New memristor-based artificial neurons emit light to enable denser, more efficient 3D AI chips, pointing to a future beyond power-hungry GPUs.

Researchers have demonstrated a new class of light-emitting artificial neurons that could reshape how AI hardware is built and deployed, addressing the energy and scaling limitations that plague today’s deep learning systems. The innovation, detailed in Nature Electronics, comes from a collaboration between the Hong Kong University of Science and Technology, ETH Zurich and Université de Bourgogne Europe.
At the core of this advance are memristive blinking neurons, nanoscale devices made from silver and an insulating polymer that not only integrate electrical signals but also emit light pulses when activated. Unlike conventional AI chips that rely on dense wiring and bulky circuits to shuttle data between components, these neurons use light for communication, eliminating many wiring constraints and enabling three-dimensional, wire-free neural structures.
This shift to photonically linked networks is significant because light can travel between neurons without electrical connections, reducing both energy waste and physical space. The result is a path toward compact, high-density AI hardware architectures that scale in volume rather than footprint, a contrast to today’s planar, complementary metal–oxide–semiconductor (CMOS) designs.
In early tests, networks built from these light-emitting neurons have shown promising performance. One three-dimensional spiking neural network achieved roughly 91.5 % accuracy on a speech-classification task drawn from Google’s public dataset, while another dense array clocked about 92.3 % accuracy on handwritten digit recognition (MNIST) benchmarks that demonstrate practical viability.

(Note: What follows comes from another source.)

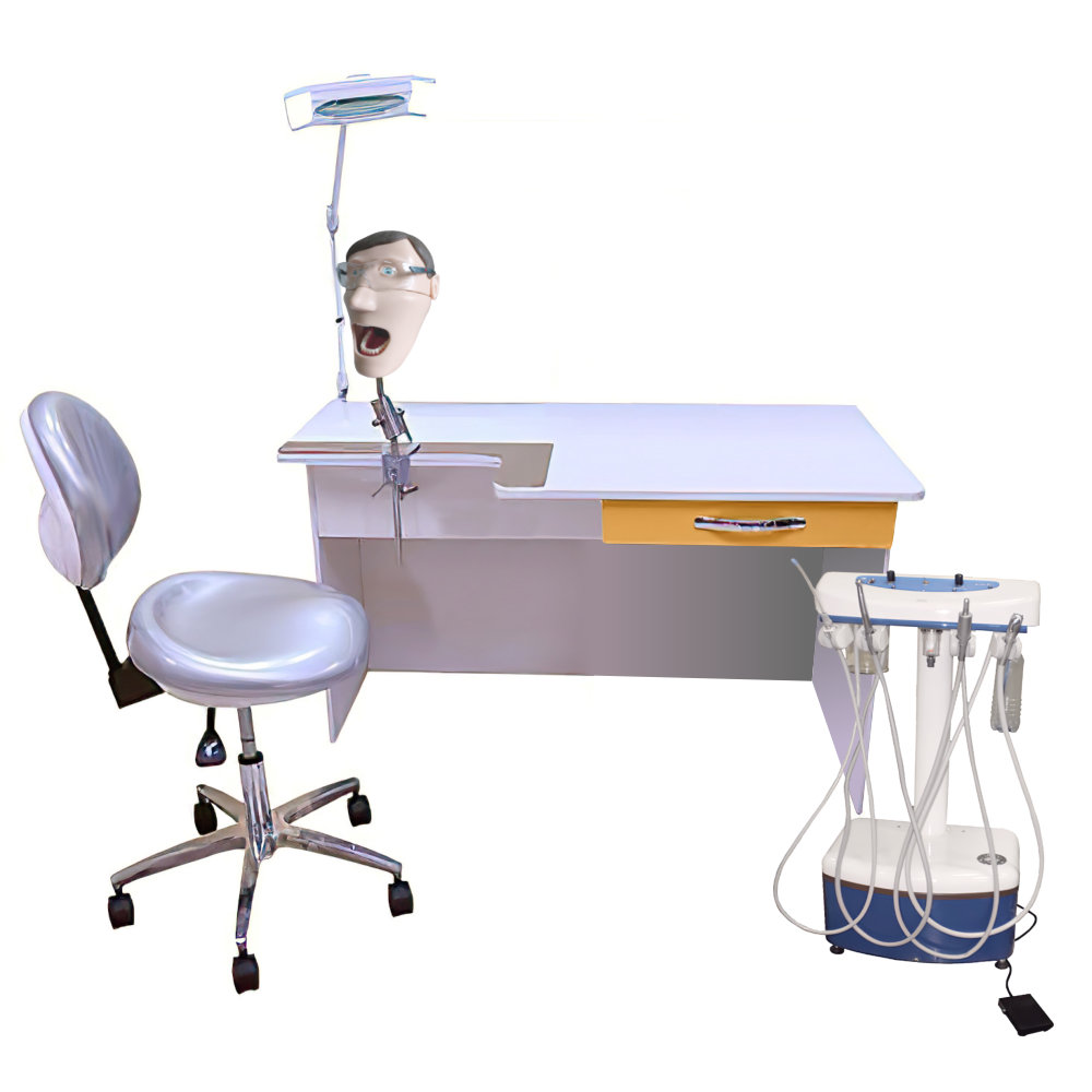 Мобильная стоматологическая установка cо встроенным компрессором, оснащенная реальным стоматологическим инструментарием.
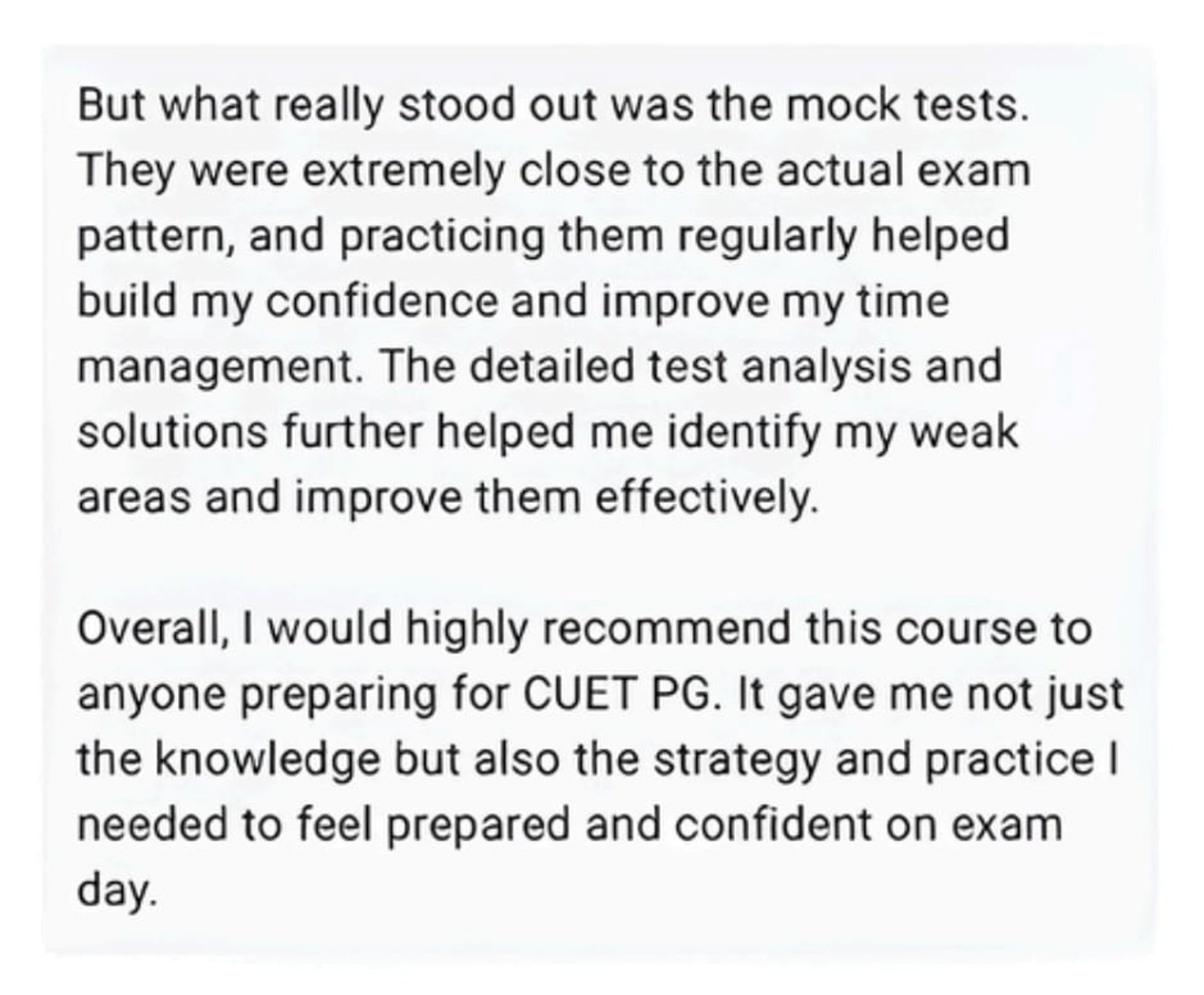 Our 15 mock tests offer the same interface as the CUET PG exam, giving you a similar test experience to build confidence.

The implications extend across electronics and AI: by enabling energy-efficient computation, reducing reliance on power-hungry GPUs, and allowing true 3D neural stacking, this hardware could underpin next-generation edge AI and neuromorphic systems. While challenges remain including integrating these devices with existing manufacturing processes and expanding task scopes, the work represents an intriguing step toward brain-inspired computing that’s both power-lean and spatially compact.